Interior spread from the book, featuring the 1990 Dreamhouse

Photo: Evelyn Pustka for Pin–Up

While the Dreamhouse was an “aspirational feminine power fantasy” (to borrow from Elle Decor’s Camille Okhio, whose writing also appears in the book), in many ways the house is equipped to move far beyond the domestic performances of gender, despite implying them in other ways. (Yes, I’m looking at you, Barbie feet.) Just as the development of Becky eventually led to an ADA-accessible home, what design shifts will follow, say, after the 2019 introduction of a gender-neutral doll, or 2021’s first trans femme Barbie, modeled after Laverne Cox

Barbie Dreamhouse: An Architectural Survey

Photo: Evelyn Pustka for Pin–Up

While the book certainly doesn’t attempt to provide an exhaustive look at some of these big questions or the history of inclusive design at Mattel, it concisely highlights the power in expressing individual subjectivity, fantasies, and desires through decor. This is apparent in the very design of the book, which features interiors and objects rather than Barbie herself.  

Colomina likens the Dreamhouse to television sets: “It’s a performance of domestic life for a public audience,” she writes. “In that way, Barbie has been Instagram-ready since 1962.” Indeed, these ideas have been augmented in digital spaces, perhaps going back to Mattel’s first Barbie Magical House computer game in 1994. In our current digital culture of 3D rendering, virtual reality, and the metaverse, anyone can theoretically design and occupy their own dream home, even if it’s just through a screen. 

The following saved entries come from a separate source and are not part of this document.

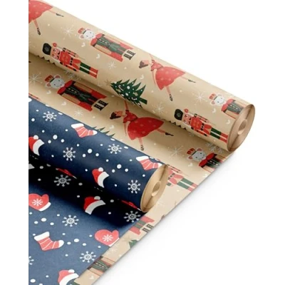 CREASE-FREE MAGIC – Wrap your Christmas gifts with ease! Made from dense, high-quality Kraft paper, these rolls keep your presents looking pristine. Folds won’t leave creases easily, and the paper resists tearing, even with those tricky, odd-shaped gifts. No more holiday wrapping headaches! KRAFT HOLIDAY QUALITY – Crafted from durable recycled Kraft paper, our 44.5CM x 25M rolls boast a sturdy 100gsm thickness. Strong enough to handle the hustle and bustle of the season, it keeps your gifts protected whether placed under the tree or sent off to loved ones near and far. FESTIVE GIFT WRAP – Unwrap the magic of Christmas with our charming Kraft & Co wrapping paper! With nostalgic, homemade designs, these rolls capture the festive spirit and make gift-giving even more special. Wrap everything from stocking stuffers to large presents with our high-quality, festive paper. BEAUTIFUL CHRISTMAS DESIGNS – Choose from 15 joyful designs, including Nutcracker, Reindeer, Santa, Snowflake, and more! Whether you're going for classic stripes or playful holiday characters, Kraft & Co’s unique designs will bring your Christmas wrapping to life and spread holiday cheer. VERSATILE & FESTIVE – While perfect for Christmas, our wrapping paper’s charming designs are also great for other celebrations like birthdays, weddings, and baby showers. Plus, it’s ideal for holiday crafts—easy to draw on and customise to make every project feel extra magical!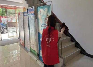 8月15日,隊員蔡思奕與周澤坤在常州市金梅花園社區,將節水行動融入社區服務的細微之處。他們仔細檢查并修復了社區黨群服務中心的滴水龍頭,在沖水箱內放置節水瓶,并在清潔工作中主動使用桶裝水替代流水沖洗抹布,以每一個微小的行動踐行節水承諾。他們將宣傳海報擺放于醒目位置,引導居民增強環保意識。他們讓節水不再是抽象的口號,而是成為了社區日常生活中的一部分。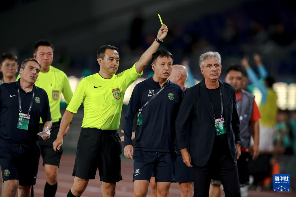 9月22日,主裁判刘威(前右三)在比赛中向浙江队替补席出示黄牌。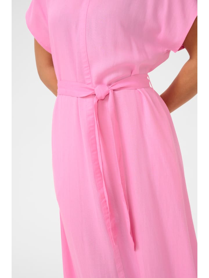 Платье миди с V-образным вырезом, короткими рукавами и прямым силуэтом. Легкая, мягкая ткань, завязывающийся пояс для гибкой талии.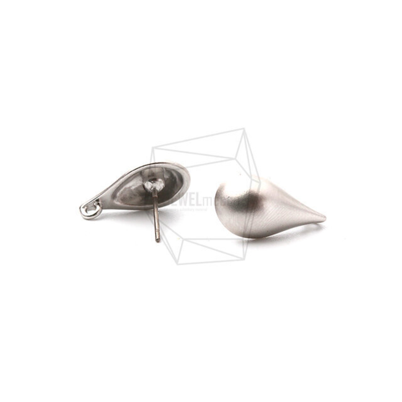 ERG-1103-MR/2PCS/Mini Water Drop Post Earrings/10mm X 18mm/Matte Rhodium Plated Over Brass,Titanium Post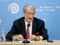Former Prime Minister, Sali Berisha speaking during a press conference from the headquarters of the democratic party. Berisha attacked Prime Ministers Edi Rama and Lulzim Basha, while saying that Rama is afraid of the report of the May 14 elections.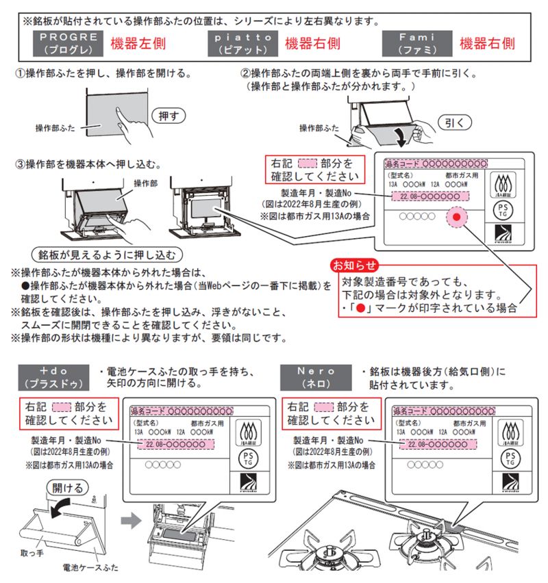 ※下表対象製造番号であっても、銘板に赤丸「●」マークが印字されているお客様については、検査確認済みの正常品ですので、対象外となります。

“Our perspective is informed by where we stand today, looking back on six decades of the Dreamhouse at a moment when Barbiecore has never been so mainstream and gender never more a form of drag, home ownership never less unattainable, and domesticity never before so performative,” the editors write. Most of all, the book affirms that the Dreamhouse will continue to trace our culture’s current fascinations and predicaments through toys, fashion, and interior design. As a stage for reflecting the present and imagining new futures, the Barbie Dreamhouse will live on.